Insert Many Hired Employees (up to 1000 per request)

Endpoint: /
Method: POST
Description: Insert multiple hired employees records.

Request Body: JSON object containing a list of hired employees records.

Example Request:

POST /
Content-Type: application/json

{
  "hired_employees": [
    {
      "id": 1,
      "name": "Emily Johnson",
      "job_id": 8,
      "department_id": 15
    },
    {
      "id": 2,
      "name": "Daniel Rodriguez",
      "job_id": 9,
      "department_id": 17
    },
    ...
  ]
}

Get Hired Employees by Job and Department by Quarter for Specific Year

Endpoint: /by-job-and-department-by-quarter/
Method: GET
Description: Get the amount of employees hired for each department on each quarter during the given year.
Parameters:
- year: int determining the year for which the report will be made. Default value is 2021.

Example Request:

GET /by-job-and-department-by-quarter/?year=2023

Get Hired Employees By Department Higher Than Year Mean

Endpoint: /by-department-higher-than-year-mean/
Method: GET
Description: Get the departments that have hired more than the mean of hired employees during the given year.
Parameters:
- year: int determining the year for which the report will be made. Default value is 2021.

Example Request:

GET /by-department-higher-than-year-mean/?year=2023

CSV Data Import

CSVs for sample uploads are available on the repository under the path:

de_challenge/samples/csv_samples/
                                |__ departments.csv
                                |__ hired_employees.csv
                                |__ jobs.csv

Disclaimer: CSV files MUST be comma separated.

Batch Transactions

Transactions are allowed up to 1000 records per request. In case of batch upload though CSV, that limit does not apply, instead, internall process trhough batches of 1000 recods will be applied.

Database 💾

PostgreSQL 🐘

The selected Database for this solution has been PostgreSQL, which is a free and open-source relational database management system (RDBMS) emphasizing extensibility and SQL compliance.

Object Relational Mapping - SQLAlchemy

To make the connection between the server and the API, SQLAlchemy has been implemented. SQLAlchemy is the Python SQL toolkit and Object Relational Mapper that gives application developers the full power and flexibility of SQL.

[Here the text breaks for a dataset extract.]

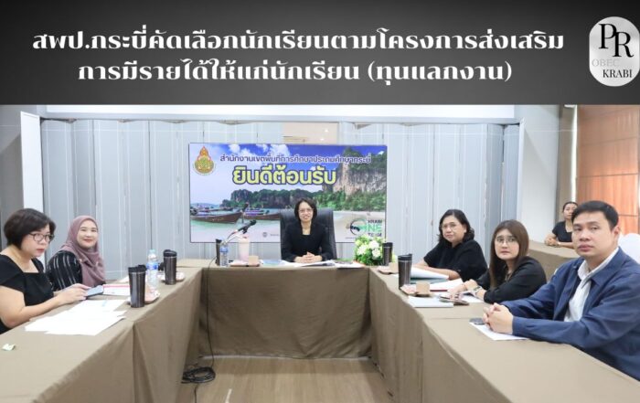 วันที่ 18 กุมภาพันธ์ 2569 ที่ห้องประชุมเหลืองกระบี่ สพป.กระบี่ นางสาวชัญญาภัค หินน้อย รองผู้อำนวยการสำนักงานเขตพื้นที่การศึกษาประถมศึกษากระบี่ พร้อมด้วย นางสาวจินตนาสุขย้อย ศึกษานิเทศก์ และคณะกรรมการที่ได้รับการแต่งตั้ง ร่วมดำเนินการคัดเลือกนักเรียนตามโครงการส่งเสริมการมีรายได้ให้แก่นักเรียน (ทุนแลกงาน) ซึ่งโครงการดังกล่าวเปิดโอกาสให้นักเรียนในโรงเรียนสังกัดสำนักงานเขตพื้นที่การศึกษาประถมศึกษากระบี่ ที่มีอายุตั้งแต่ 15 ปีขึ้นไป ได้มีโอกาสทำงานที่เหมาะสมในหน่วยงานราชการช่วงปิดภาคเรียนฤดูร้อน เพื่อสร้างรายได้ระหว่างปิดภาคเรียน แบ่งเบาภาระค่าใช้จ่ายของผู้ปกครอง พร้อมทั้งปลูกฝังให้นักเรียนเห็นคุณค่าของเงินและการทำงาน มีความภาคภูมิใจในการพึ่งพาตนเอง รู้จักใช้เวลาว่างให้เกิดประโยชน์ ฝึกวินัย ความรับผิดชอบ และการตรงต่อเวลา ตลอดจนเสริมสร้างความเข้มแข็งให้แก่นักเรียนและครอบครัว เตรียมความพร้อมสู่การศึกษาระดับที่สูงขึ้น และได้เรียนรู้ประสบการณ์จากโลกการทำงานจริง ทั้งนี้ สำนักงานคณะกรรมการการศึกษาขั้นพื้นฐาน ได้จัดสรรงบประมาณสนับสนุนทุนให้แก่นักเรียนที่ผ่านการคัดเลือก จำนวน [...]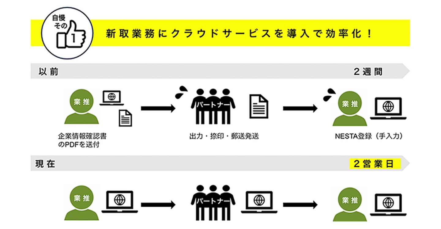 葛谷「これは八巻さんが頑張ってくれたことなんですが、パートナーさんとの書類のやりとりにクラウドサービスを導入して、回収が早くなったしすごく楽になったんです!以前は、pdfで書類を送って、先方は出力して捺印して郵送して、こちらは戻ってきたものをチコチコ手入力していたものが、今はクラウド上でポチッとすればOKで、返ってきた情報はコピペで登録できるようになったの!」

Connecting to the DB while running locally

Running from Docker:

A Postgres database instance has been placed on the Docker image, and credentials are already on the .env file under config folder. This DB is only for DEV purposes.
Running locally without Docker:

In this case, credentials must be replaced on the .env file in order to connect properly.

Tables creation:

To force tables creation, run the main.py script with the --create_tables partameter.

In case your deploying your docker image for the first time, include this paramter con the final CMD line of the Dockerfile

Connecting to the DB while running on cloud

Credentials for Database connection must be stored into the following Environment Variables:

DB_HOST
DB_PORT
POSTGRES_DB
POSTGRES_USER
POSTGRES_PASSWORD

Bonus Track 🌟

Cloud Deployment ☁️

Cloud Provider - Azure

For cloud deployment, Microsoft Azure has been chosen as the cloud provider. Azure offers a wide range of services and tools that make it suitable for hosting applications and services.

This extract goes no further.